There's no way you'll be able to do this with rectangular cells, but I've just finished an R package dggridR which would make this easy to do using a grid of hexagonal cells. However, the 3km cell requirement might yield so many cells as to overload your machine.
You can use R to generate the grid:
install.packages('devtools')
install.packages('rgdal')
library(devtools)
devools.install_github('r-barnes/dggridR')
library(dggridR)
library(rgdal)
#Construct a discrete global grid (geodesic) with cells of ~3 km^2
dggs <- dgconstruct(area=100000, metric=FALSE, resround='nearest')

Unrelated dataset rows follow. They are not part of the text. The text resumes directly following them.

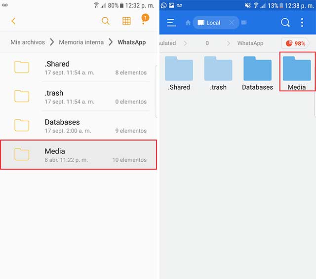 - Ahora accede a la carpeta de «Media» donde se encuentran todas las imágenes enviadas y recibidas, las fotos de perfil, etc.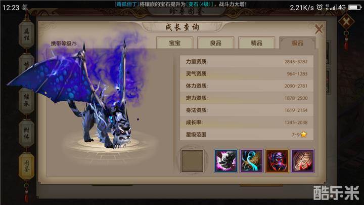 2、选择外攻型宝宝就应该暴力一点技能选择方面可以选择连击、猛击、蛮力、破绽和极冰凝杀。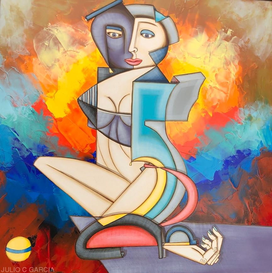 Julio Garcia's birthplace, Baja California, Mexico, defines his artistic practice and connection to nature. Garcia's work examines the complexity of human experiences. He depicts vibrant, disassembled figures that possess an energy that emanates from the canvas itself. In his world of imagery, emotions rule and new ideas emerge. Garcia describes his work as surrealistic with ancient overtones. His work is rich with colour and texture, possessing a tactile, three dimensional quality that fosters a connection between spectator and subject. In this regard, Garcia's vibrant compositions are a true celebration of humanity.

#Get a hexagonal grid for the whole earth based on this dggs
grid <- dgearthgrid(dggs,frame=FALSE)
#Save the grid
writeOGR(grid, "grid_3km_cells.kml", "cells", "KML")
The KML file then contains the ids and edge vertex coordinates of every cell.
The grid looks a little like this:
My package is based on Kevin Sahr's DGGRID which can generate this same grid to KML directly, though you'll need to figure out how to compile it yourself.